14 Celebrity Talk Shows That Died on the Vine

A brief history of public humiliation

We’ve been good; we deserve a reboot of Late World With Zach Galifianakis.

2013: ‘Kris’

Normally, even a single-season bomb of a talk show has a run of over 100 episodes. Kris Kardashian’s lasted ten, one of which was marred by an appearance by her son-in-law, Kanye West.

2012: ‘Bethenny’

She’s dabbled in every other endeavor that has the potential to make a moderately famous person moderately wealthy, so why not give Bethenny Frankel her own daytime talk show? That was ostensibly Ellen’s thought when she co-created this one-season meh-fest.

2012: ‘The New Ricki Lake Show’

Her long-awaited foray back into daytime television landed with a thud, despite her being hailed as the successor to Oprah.

2008: ‘The Bonnie Hunt Show’

Despite raking in a Gracie Award for Best Talk Show in 2009, it didn’t last past its second season.

2004: ‘McEnroe’

Pottymouthed tennis star John McEnroe yapped his way into the host’s chair at CNBC in 2004, but his ratings tanked week after week, with four episodes scoring an impressive 0.0 Nielsen rating. It was eventually replaced by the future pop-culture juggernaut The Big Idea with Donny Deutsch.

2003: ‘The Orlando Jones Show’

In 1999, Orlando Jones began starring in a series of 7 Up ads where he wore a shirt that said “Make 7” on the front, and “Up Yours” on the back. The commercials (and the shirts, sold at Spencer Gifts) were wildly popular, and led to opportunities like 2003’s short-lived and Wikipedia-less The Orlando Jones Show.

2002: ‘The Caroline Rhea Show’

Canadian actress Caroline Rhea was anointed the successor to Rosie O’Donnell, having hosted the last few weeks of The Rosie O’Donnell Show. When a bloc of ABC-owned stations chose to air The Wayne Brady Show instead, she was cut off from a huge chunk of her audience, and she was never given a second season.

2002: ‘Late World With Zach Galifianakis’
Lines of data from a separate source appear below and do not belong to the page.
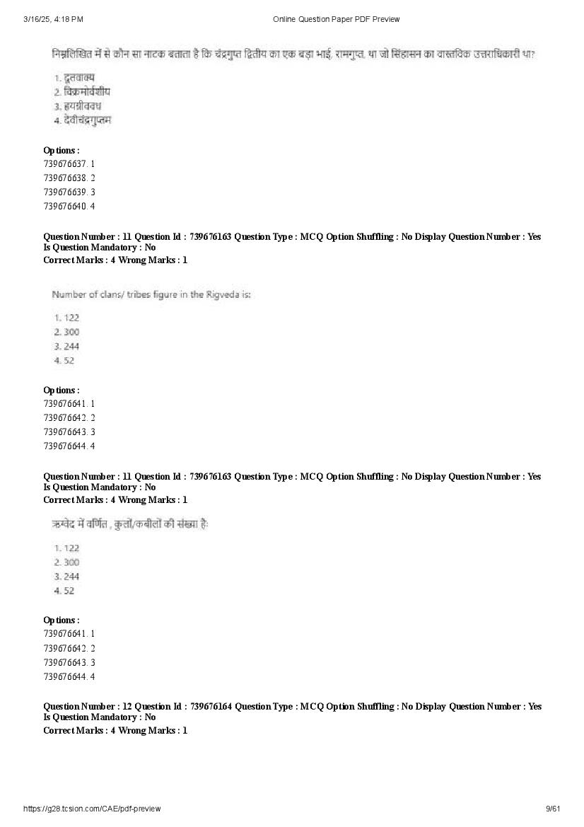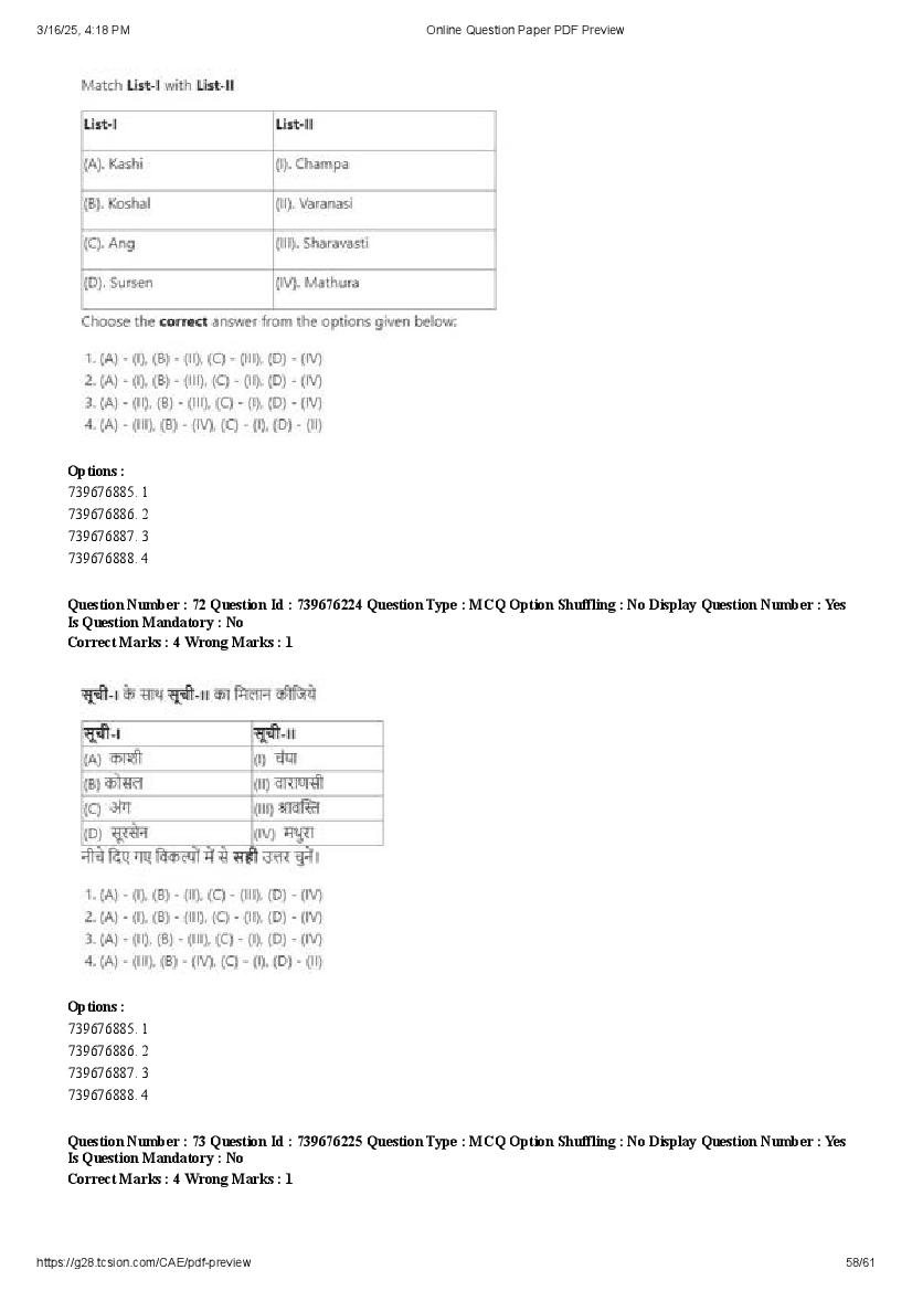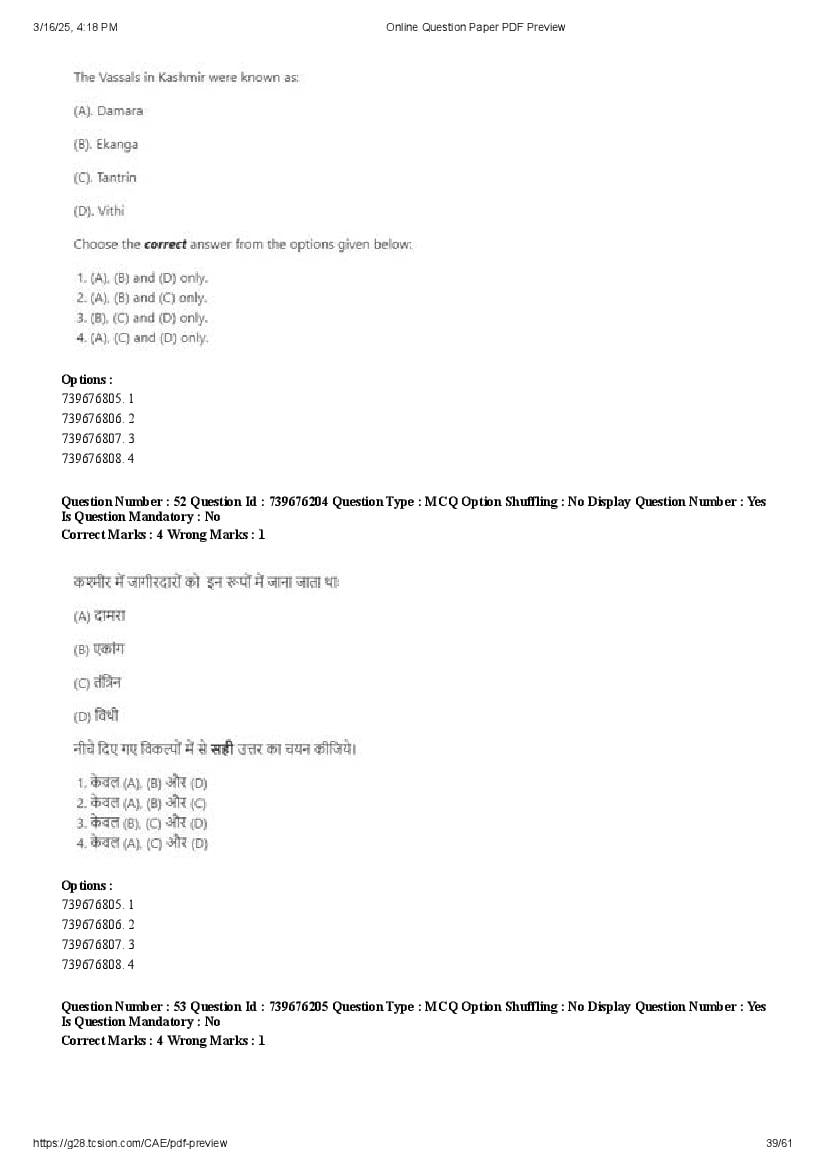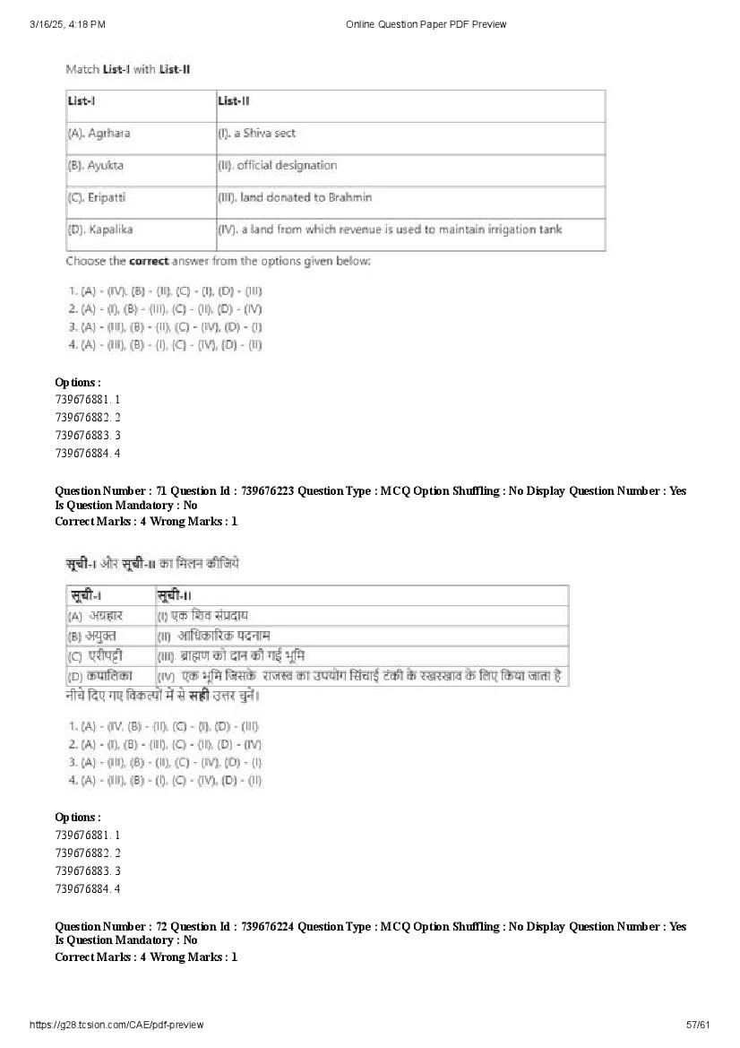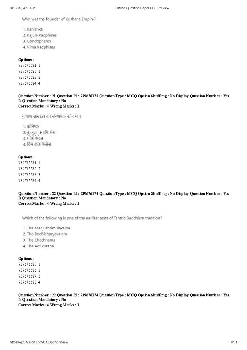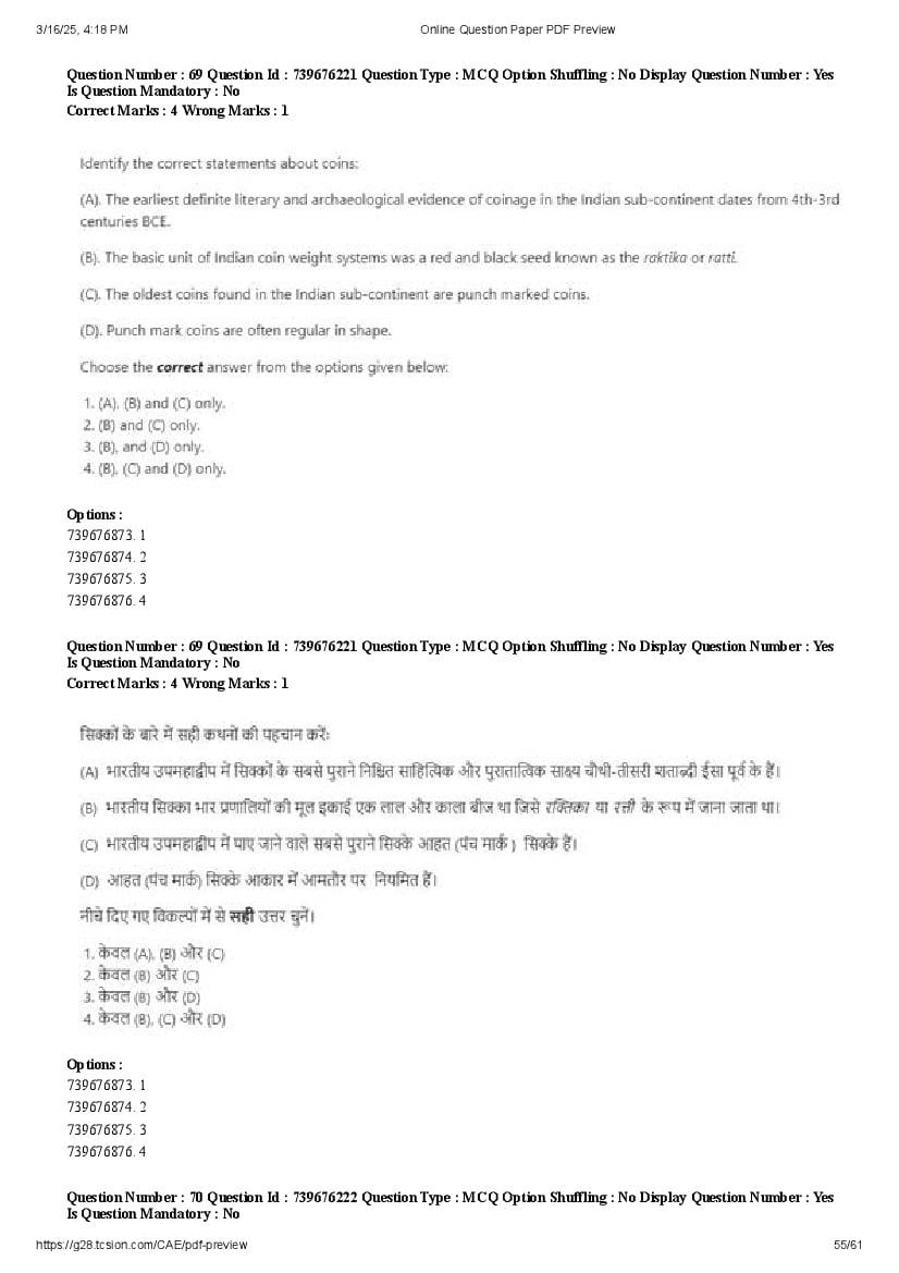 2026 Question papers will be updated soon. The latest available complete cuet pg question paper for Ancient Indian History is given below.
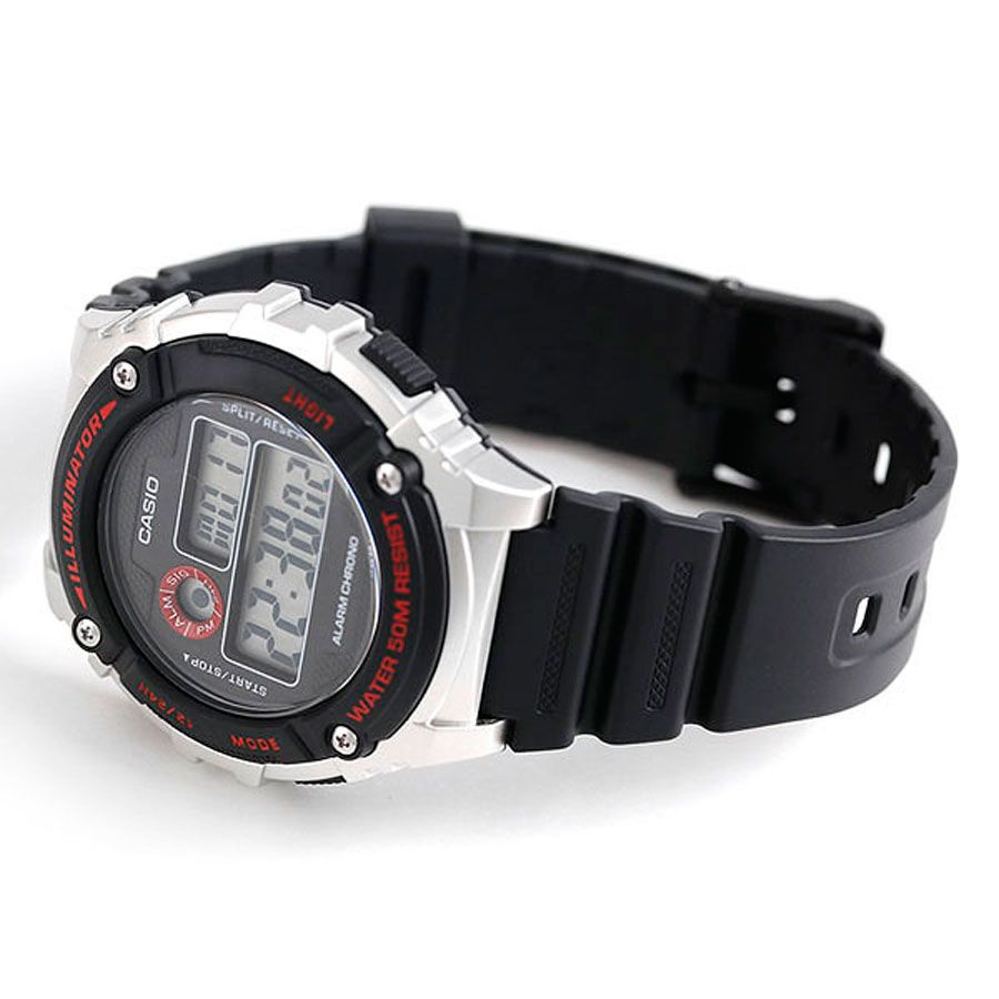 Мужские кварцевые электронные наручные часы. Серия Casio Collection. Циферблат подсвечивается светодиодом. Цвет подсветки оранжевый. 12-ти и 24-х часовой формат отображения времени. Секундомер с точностью показаний 1/100 с и временем измерения 1 ч. Режимы измерения: прошедшее время, промежуточное время, два финишных результата. Ежедневный будильник, сигнал начала часа. Автоматический календарь до 2099 года, учитывающий 28 дней в феврале. Круглый корпус из полимерного пластика зелёного цвета. Пластиковое стекло. Размер корпуса 43,8мм на 46 мм, толщина 11.3 мм. Пластиковый ремешок зелёного цвета с классической застежкой buckle. Батарея рассчитана на 7 лет. Стальная задняя крышка крепится на 4-х винтах. Водонепроницаемость WR50 (мытьё рук, дождь). Вес около 35 г.
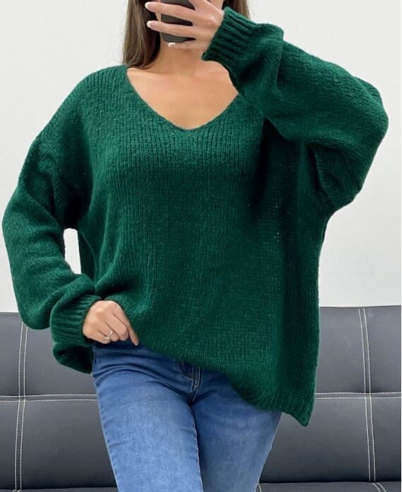 VALENTINE pull vert tout doux oversize jusqu'au 50
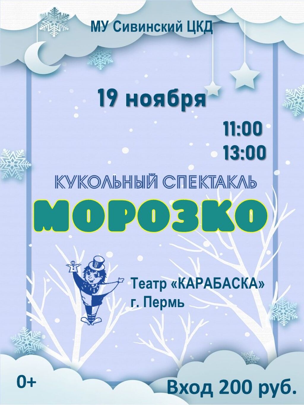 МУ Сивинский ЦКД приглашает маленьких и больших зрителей на яркий, музыкальный, ироничный кукольный спектакль «Морозко» по мотивам русской народной сказки в исполнении театра «Карабаска» (г. Пермь). Зимняя история о том, как Настенька отправляется за клюквой для своей сестры Парашки и в зимнем холодном лесу встречает Морозко...

On paper, this show can’t lose: A beardless Galifianakis did a topical, piano-laden monologue, a couple of sketches and a few fake celebrity interviews, before kicking it over to a guest and a musician. In reality, the world wasn’t yet ready for his brand of humor in 2002, and it was canceled after nine weeks.

1995: ‘The Tempestt Bledsoe Show’

After Vanessa Huxtable grew up, Columbia/Tri-Star tried to turn her into the next Ricki Lake. One critic described the attempt thusly: “She didn’t have the white-trash appeal of Jerry Springer, the controversy of Rush Limbaugh, the sensationalism of Ricky Lake , the hard-hitting edge of Geraldo, the red glasses of Sally Jesse Raphael, or the Oprahness of Oprah.”

1995: ‘Carnie!’

Singer Carnie Wilson was one of several first-timers who had talk shows premiere in 1995, when studios were looking for their own Ricki Lakes and Jerry Springers. Hers performed the best of the bunch, but was still pulled halfway through the first season.

1995: ‘Gabrielle’

Beverly Hills, 90210 star Gabrielle Carteris was getting tired of her massive success in the drama department, and told the studio she wanted a career change. They swapped her from main cast to guest star, and gave her her own talk show. It didn’t make it past one season.

1993: ‘The Jon Stewart Show’

It kicked off as a 30-minute MTV show in 1993, to so-so reviews. Because of Arsenio Hall’s retirement and various corporate acquisitions, Stewart was given a golden opportunity to turn it into a completely different, 60-minute show the following year. That was received with even more “eh”s, and it was canceled the following year.

1993: ‘The Chevy Chase Show’

He tried to bring his SNL stuff to a talk show studio, doing out-of-place physical comedy and pleading with the audience when they didn’t give him Studio 8H-style laughs. A critic said he was “nervous and totally at sea, Chase tried everything, succeeded at nothing.”

1992: ‘The Dennis Miller Show’

He didn’t want to be “a faceless, selfless conduit of information” or an overly-enthusiastic Jimmy Fallon type, which is fair, but the middle ground he found was just kind of lightly roasting his guests. That made high-profile celebrities hard to book, and it only lasted one season.